The GOSA teamed up with CTB-McGraw Hill, the state's testing vendor in charge of developing and scoring CRCT exams, to conduct an erasure analysis on schools' CRCTs. It examined the number of wrong answers that had been changed to right answers on student answer sheets in reading, English-language arts and math.
"The analysis looked on average at 125,000 test takers in every subject and grade level at which the CRCT was administered and provided a clear picture of typical student test behavior against which all schools could be compared," said GOSA Executive Director Kathleen Mathers in the press release. "Our recommendations are intended to eliminate future problems and help students who have been adversely affected by test tampering."
After the analysis, the state placed schools in categories based on their percentage of flagged classrooms, or those with a high number of erasure marks that resulted in correct answers.
According to the GOSA, schools in the "minimal concern" category will have Local Education Agencies monitor test environments or rotate teachers and will offer student support services based on any irregularities found.
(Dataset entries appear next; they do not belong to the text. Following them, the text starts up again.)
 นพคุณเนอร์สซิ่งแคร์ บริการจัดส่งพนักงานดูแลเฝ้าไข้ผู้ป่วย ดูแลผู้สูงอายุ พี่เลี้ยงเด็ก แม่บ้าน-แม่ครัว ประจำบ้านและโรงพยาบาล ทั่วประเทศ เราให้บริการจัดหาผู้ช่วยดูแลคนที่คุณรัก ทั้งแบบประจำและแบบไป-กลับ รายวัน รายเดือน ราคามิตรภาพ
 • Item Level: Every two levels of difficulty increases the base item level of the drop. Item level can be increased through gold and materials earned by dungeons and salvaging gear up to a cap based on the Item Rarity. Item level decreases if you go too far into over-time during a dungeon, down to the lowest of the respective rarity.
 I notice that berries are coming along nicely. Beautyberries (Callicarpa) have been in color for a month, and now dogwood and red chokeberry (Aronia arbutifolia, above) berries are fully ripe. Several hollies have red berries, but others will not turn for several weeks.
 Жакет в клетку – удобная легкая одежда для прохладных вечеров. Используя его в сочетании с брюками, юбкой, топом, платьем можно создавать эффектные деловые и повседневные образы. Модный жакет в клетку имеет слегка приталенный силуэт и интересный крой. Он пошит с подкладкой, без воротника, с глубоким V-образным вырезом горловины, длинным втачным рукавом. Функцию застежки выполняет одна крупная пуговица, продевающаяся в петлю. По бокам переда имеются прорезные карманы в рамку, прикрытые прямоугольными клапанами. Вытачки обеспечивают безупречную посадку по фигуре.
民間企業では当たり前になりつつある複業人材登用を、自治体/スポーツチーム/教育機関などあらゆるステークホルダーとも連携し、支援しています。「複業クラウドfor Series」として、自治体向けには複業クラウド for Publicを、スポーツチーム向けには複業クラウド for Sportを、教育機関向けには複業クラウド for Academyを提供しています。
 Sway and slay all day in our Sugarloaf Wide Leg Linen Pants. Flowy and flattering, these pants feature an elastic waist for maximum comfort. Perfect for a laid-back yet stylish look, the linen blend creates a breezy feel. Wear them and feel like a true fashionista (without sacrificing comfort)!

Those with moderate and severe concerns will undergo state and local investigations, notify parents of irregularities, rotate teachers and offer student support.
Georgia students in third, fifth and eighth grades must meet or exceed standards on the CRCT in reading and fifth- and eighth-grade students also must meet or exceed the standards in math to be promoted to the next grade level.
The 2009 CRCT results showed that the average percentage of first- through eighth-grade students in RCPS who met or exceeded standards, or passed the test, were above state pass averages in 32 out of the 34 areas that the Georgia Department of Education reported for the year.
According to the Georgia Department of Education, 98 percent of third graders at Barksdale Elementary passed reading, 94.9 percent passed English and 89.9 passed math; 87.1 percent of third graders at C.J. Hicks passed reading, 90.1 passed English and 73.3 passed math. At Barksdale, 93.3 percent of its fifth-grade students passed reading, 94.4 passed English and 93.3 passed math; at C.J. Hicks, 88.4 passed reading, 96.4 passed English and 79.6 passed math.
CRCT data, as well as other factors like attendance, determine a school's Adequate Yearly Progress, as required under the federal No Child Left Behind Act. Schools and school systems in Georgia that don't meet AYP may be place on the state's Needs Improvement list, depending on their pass performance. In 2009, all RCPS schools met AYP and no schools are on the Needs Improvement list.
A complete list of Georgia schools and their CRCT analysis results are available on the GOSA Web site, www.gaosa.org.